WAYS
- Conway, South Carolina; United States;
- Broadcast area: Myrtle Beach, South Carolina
- Frequency: 1050 kHz

Programming
- Format: Country music

Ownership
- Owner: Cumulus Media; (Cumulus Licensing LLC);
- Sister stations: WDAI; WSYN; WLFF; WSEA;

History
- First air date: February 23, 1977; 49 years ago (as WJAL)
- Former call signs: WJAL (1977); WJXY (1977–2000); WIQB (2000–2010); WHSC (2010–2017); WRWM (2017–2020);

Technical information
- Licensing authority: FCC
- Facility ID: 17484
- Class: B
- Power: 5,000 watts day; 473 watts night;
- Transmitter coordinates: 33°50′56.6″N 79°5′2.1″W﻿ / ﻿33.849056°N 79.083917°W
- Translator: 101.9 W270BZ (Conway)

Links
- Public license information: Public file; LMS;

= WAYS (AM) =

Fox Sports Radio station in Conway–Myrtle Beach, South Carolina

WAYS (1050 kHz) is a radio station in Myrtle Beach, South Carolina. It is owned by Cumulus Media and it had previously aired a sports radio format, much of it from Fox Sports Radio. Its studios are on U.S. Highway 17 in Murrells Inlet, South Carolina, and its transmitter is located in the station's city of license, Conway, South Carolina. Programming had also been heard on FM translator W270BZ at 101.9 MHz in Conway.

==History==
WAYS originally signed on February 23, 1977, as WJAL. That August, the call sign became WJXY, a call sign that stayed with the station for many years. WJXY was a daytime-only country music station in the 1970s. An FM sister station at 93.9 was added around 1990, at which time the AM switched to Southern gospel. In 1995, the format changed to adult standards, with most of the music coming from the AM Only satellite format. By this time, the station had a limited nighttime signal.

In Fall 1999, Hurricane Floyd damaged WJXY's studios and transmitter site and forced WJXY-FM, WXJY and WSEA to move to the WSYN/WDAI studios near Inlet Square Mall.
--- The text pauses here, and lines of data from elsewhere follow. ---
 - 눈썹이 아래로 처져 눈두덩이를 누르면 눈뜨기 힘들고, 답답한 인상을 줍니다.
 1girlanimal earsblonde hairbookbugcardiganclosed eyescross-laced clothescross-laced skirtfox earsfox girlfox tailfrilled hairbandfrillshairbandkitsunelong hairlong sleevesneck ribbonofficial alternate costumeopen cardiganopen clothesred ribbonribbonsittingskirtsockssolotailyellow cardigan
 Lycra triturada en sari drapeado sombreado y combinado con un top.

At the time, WJXY aired Conway High School football; those games moved to WRNN-FM. WJXY was off the air for several months. Early in 2000, the station was back, but not in stereo. Many listeners had complained.

The station was assigned the WIQB call letters by the Federal Communications Commission on November 16, 2000. For a time, WIQB aired the same programming as oldies station WSYN.
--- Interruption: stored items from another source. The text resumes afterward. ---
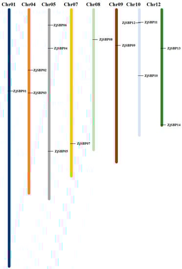 In Group 5, CNR has been found to be critical for normal ripening in the tomato [18]. AtSPL8 was clustered in this group. Some reports found that AtSPL8 played a significant role in male fertility and anther development [9,38]. ZjSBP06 and ZjSBP11 are in Group 6, which contains AtSPL2, AtSPL10 and AtSPL11. Notably, AtSPL2 was the homologous gene with ZjSBP11. These three genes have been reported to control the development of lateral organs in association with shoot maturation in the reproductive phase [39].
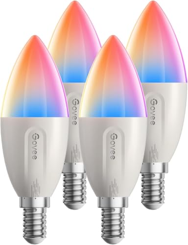 Govee E14 Smart Bulb RGBWW, Smart Light Bulb Work with Matter, Alexa and Google Assistant, Group Control, 450LM, 4.8W, DIY 16 Million Colors, 54 Scenes, 4 Pack
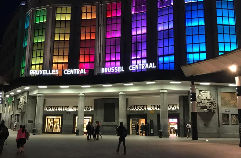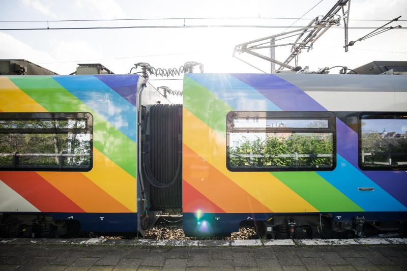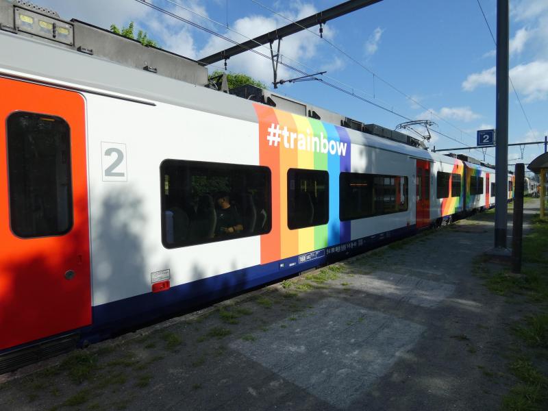Het is de eerste keer dat NMBS een regenboogtrein inzet. Daarnaast zijn verschillende stationsgebouwen deze week getooid met regenboogvlaggen.
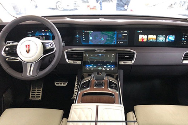 在內(nèi)飾部分,紅旗E-HS9的設(shè)計處處體現(xiàn)“中直尚雅”、“精工致作”、“山水意境”的東方美學(xué)。對稱式的布局與故宮的中軸線設(shè)計一本同源。全液晶儀表盤、中控多媒體觸控屏、副駕駛位眼睛顯示屏的三聯(lián)屏設(shè)計,再搭配中控中間的控制面板觸摸屏,擁有四塊可觸摸大屏幕讓整車的科技感十足。當然,在后排還有座椅屏和后排中央扶手大屏。七屏娛樂系統(tǒng)在體現(xiàn)出科技感的同時,也兼并了舒適與豪華。
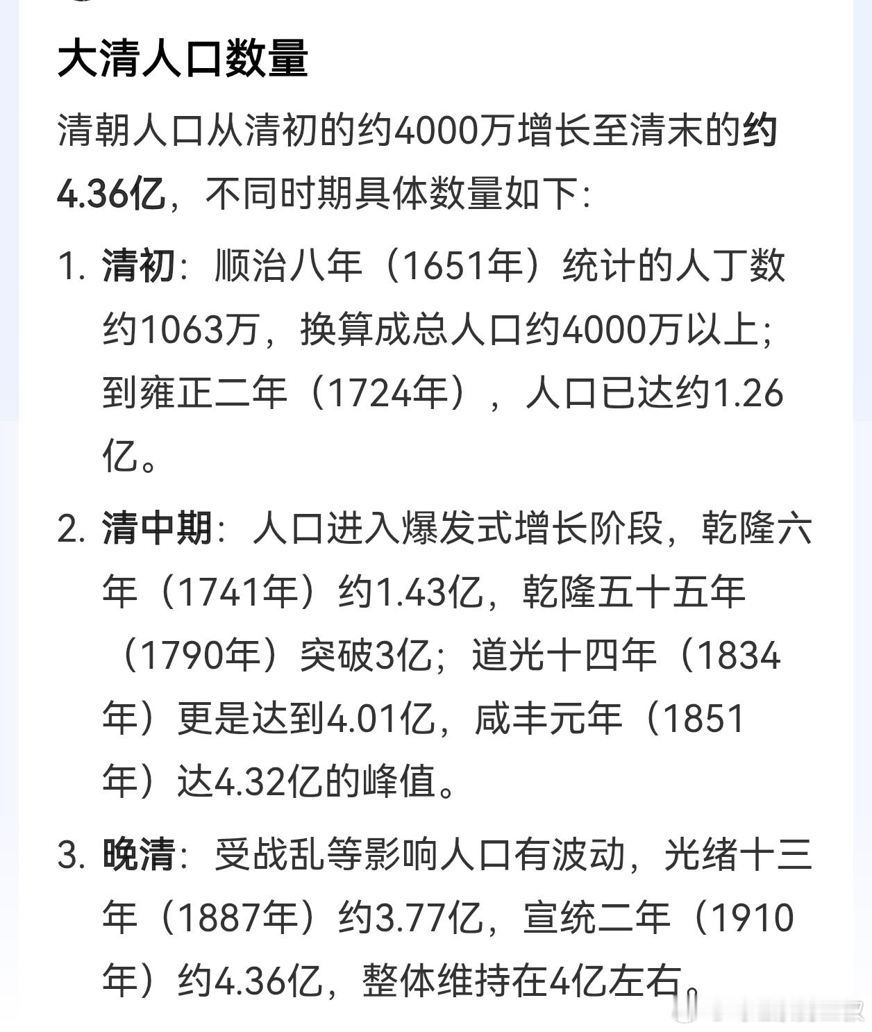 很多说大明的,我说几句。首先,所有封建皇朝,生产力都很低下,普通百姓都活的不容易。其次,1851年前,中国始终是个内向型的农业国。生产力提升是很缓慢的。但是咸丰元年是人口最多的,几倍于明朝。民国时期,一直都是4万万同胞。生产力落后时代,能活命还能生息子孙,是说明过得去最有力证据。第三,除了民族特权(比如满城驻军),大清几乎照搬照抄了大明的所有体制和政策,只对明朝不好的点做了修改。一个是党争,抑制文官势力。二是设立内务府和户部分离,王爷降爵,抑制爱新觉罗家子孙无限侵蚀普通百姓利益(朱家就是如此)。总之,做为最底层的百姓,活在1851年前的大清,肯定比活在大明好。但是,做为文官或者所谓的文化人,活在大明比活在大清好。很多人有错觉,以为自己在古代也会留名留姓,其实,无名无姓的7品芝麻官就是现在县长。历史长河里,你啥也不是,就是普通百姓。说大明好,起码你得进士级别(三年考到全国前200~300名,就是每年前100名且全国),或者地市级别的前三首富。你是吗?

On February 15, 2003, WIQB became part of "The Team" all sports format along with WJXY-FM.

On April 30, 2010, WIQB switched to southern gospel and changed its letters to WHSC.
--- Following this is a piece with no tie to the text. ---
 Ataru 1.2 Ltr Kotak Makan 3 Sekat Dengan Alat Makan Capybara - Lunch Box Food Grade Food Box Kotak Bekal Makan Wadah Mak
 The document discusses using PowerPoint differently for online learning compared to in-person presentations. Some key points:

On March 5, 2012, WHSC became the new Myrtle Beach affiliate of Fox Sports Radio. Dan Patrick would air live in the market rather than on tape, and Jim Rome would follow. WHSC became the new station for the Myrtle Beach Pelicans.

The station changed its call sign to WRWM on December 26, 2017, and to WAYS on February 13, 2020.

Cumulus applied for WAYS to be temporarily silent in March 2025. It was one of six Cumulus stations to close the weekend of March 7, as part of a larger shutdown of underperforming Cumulus stations.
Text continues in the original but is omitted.